La razón es evidente: una estructura tan grande no desaparece por completo durante su ingreso a la atmósfera. Algunos componentes pueden sobrevivir y llegar hasta la superficie.
Por eso, seleccionar una zona alejada de ciudades y rutas marítimas resulta fundamental.
El futuro retiro de la Estación Espacial Internacional demuestra que el problema de la basura espacial no termina cuando un vehículo deja de funcionar. También es necesario planificar cómo será retirado de la órbita y dónde terminarán sus restos.
¿Por qué se utiliza un lugar tan remoto para estos reingresos?
La elección del Punto Nemo responde principalmente a una cuestión de seguridad.
Si una nave espacial de grandes dimensiones fuera abandonada sin control y sus restos terminaran cayendo sobre una región poblada, las consecuencias podrían ser graves.
Por eso, cuando las condiciones orbitales y técnicas lo permiten, los responsables de las misiones pueden orientar el descenso hacia áreas oceánicas prácticamente deshabitadas.
El Punto Nemo ofrece una combinación excepcional de distancia, aislamiento y ausencia de población permanente.
No se trata, por lo tanto, de un vertedero convencional. Las naves no son simplemente transportadas hasta allí para ser arrojadas al mar. El proceso se produce mediante operaciones orbitales cuidadosamente calculadas.
El objetivo es que el vehículo realice una trayectoria de reentrada previamente determinada y que los restos terminen concentrándose en una zona considerada segura.
¿Se puede visitar el Punto Nemo?
En teoría, sí.
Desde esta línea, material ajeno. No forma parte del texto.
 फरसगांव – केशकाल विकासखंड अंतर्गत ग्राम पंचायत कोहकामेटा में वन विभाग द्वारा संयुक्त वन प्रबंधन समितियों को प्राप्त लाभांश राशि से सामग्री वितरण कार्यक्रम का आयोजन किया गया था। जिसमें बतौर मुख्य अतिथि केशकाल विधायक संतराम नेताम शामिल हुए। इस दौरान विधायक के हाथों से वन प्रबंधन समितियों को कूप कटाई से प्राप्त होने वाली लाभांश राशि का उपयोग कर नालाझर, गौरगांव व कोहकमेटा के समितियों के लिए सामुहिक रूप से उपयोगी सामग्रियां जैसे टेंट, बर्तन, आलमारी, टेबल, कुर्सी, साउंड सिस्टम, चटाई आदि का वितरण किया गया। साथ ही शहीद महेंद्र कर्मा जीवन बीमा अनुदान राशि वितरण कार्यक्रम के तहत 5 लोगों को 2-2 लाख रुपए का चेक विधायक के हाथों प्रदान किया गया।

En la práctica, hacerlo es extremadamente complejo.
Una persona no puede simplemente comprar un pasaje y llegar al Punto Nemo como si se tratara de un destino turístico convencional.
No existen hoteles, puertos turísticos, rutas comerciales regulares ni infraestructura para recibir visitantes.
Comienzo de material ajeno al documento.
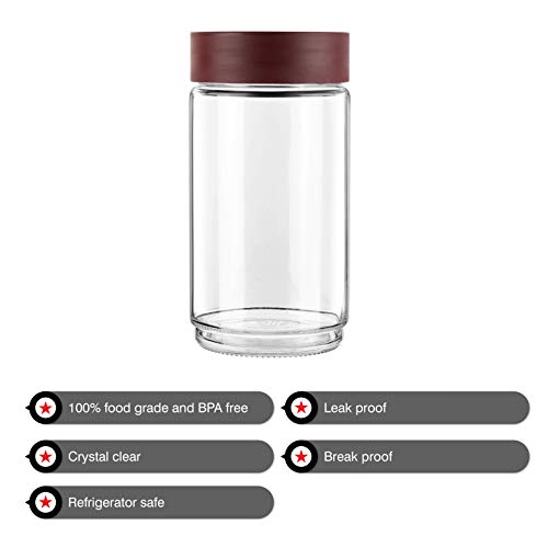 • Stackable jars with non slip rim on the unbreakable plastic lids.

Una expedición tendría que contar con una embarcación apropiada, combustible suficiente, provisiones, sistemas de comunicación y capacidad para afrontar varios días de navegación por aguas abiertas.
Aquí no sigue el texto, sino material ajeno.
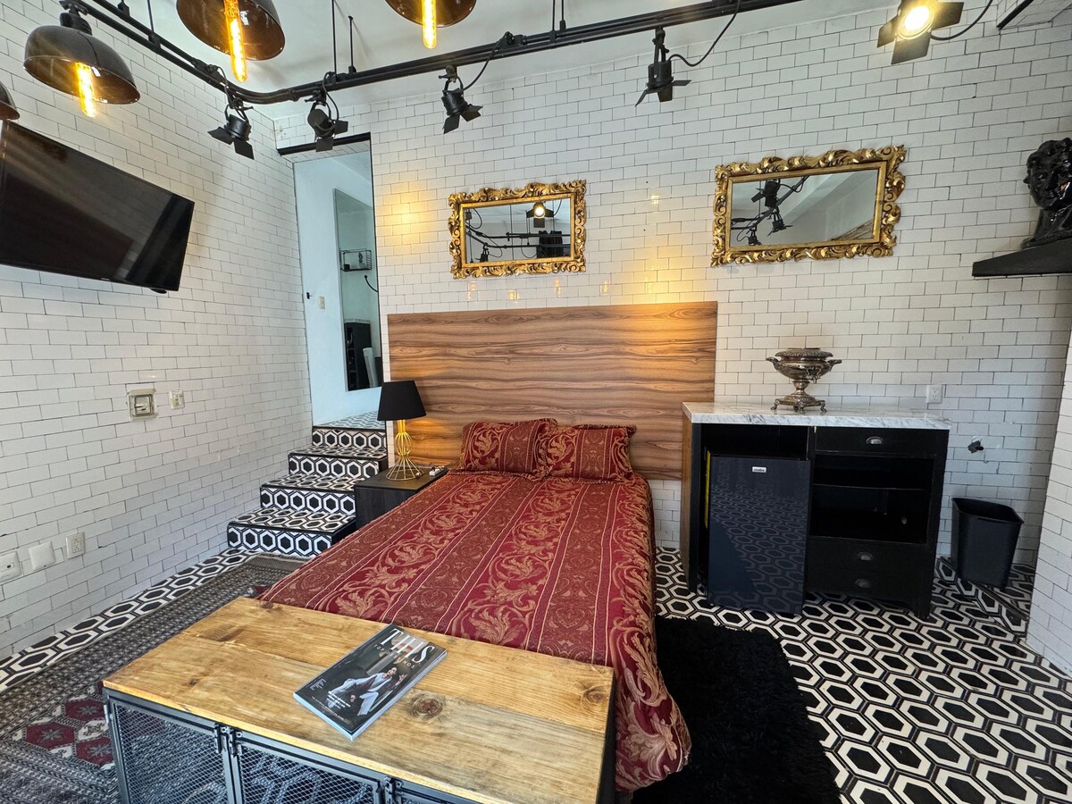 Estudio de 25 m² con carácter contemporáneo e industrial. Muros de ladrillo expuesto, iluminación escénica y una atmósfera íntima que invita al descanso. Incluye cama matrimonial, cocineta funcional, baño privado y una propuesta estética única que lo diferencia de cualquier hospedaje tradicional. Ideal para: ✔️ Parejas ✔️ Viajeros de diseño ✔️ Amantes de espacios con carácter

Además, las condiciones meteorológicas y oceánicas pueden cambiar rápidamente.
Por esa razón, quienes alcanzan esta zona suelen hacerlo dentro de expediciones científicas, investigaciones oceanográficas o travesías especialmente organizadas.
El aislamiento es justamente el rasgo que hace atractivo al lugar y, al mismo tiempo, convierte su acceso en una dificultad.
Un lugar real que parece salido de una novela
La historia del Punto Nemo reúne varios elementos que parecen pertenecer a una obra de ciencia ficción.
Está ubicado en un océano gigantesco, a miles de kilómetros de cualquier continente, fue descubierto mediante cálculos informáticos, lleva el nombre de un personaje de Julio Verne y, además, se convirtió en el destino final de restos procedentes de algunas de las mayores aventuras espaciales de la humanidad.
Es uno de los pocos lugares del planeta donde la exploración del océano y la exploración del espacio parecen encontrarse.
Mientras los astronautas y las agencias espaciales trabajan a cientos de kilómetros sobre la superficie terrestre, algunos de los vehículos que dejan de ser útiles pueden terminar, después de su reentrada, en las profundidades del océano situado en uno de los lugares más aislados de la Tierra.
El Punto Nemo es, en definitiva, mucho más que una coordenada perdida en el Pacífico.
Es la expresión geográfica de la enorme dimensión del planeta y, al mismo tiempo, un recordatorio de que incluso después de décadas de exploración todavía existen regiones terrestres donde la presencia humana continúa siendo excepcional.
A miles de kilómetros de cualquier costa, rodeado únicamente por agua, el Punto Nemo permanece prácticamente invisible para quien observa la Tierra desde su superficie.
Y, sin embargo, bajo esas aguas se encuentra una parte singular de la historia tecnológica de la humanidad: los restos de vehículos creados para viajar más allá de nuestro planeta y que finalmente regresaron a uno de los rincones más remotos del mundo.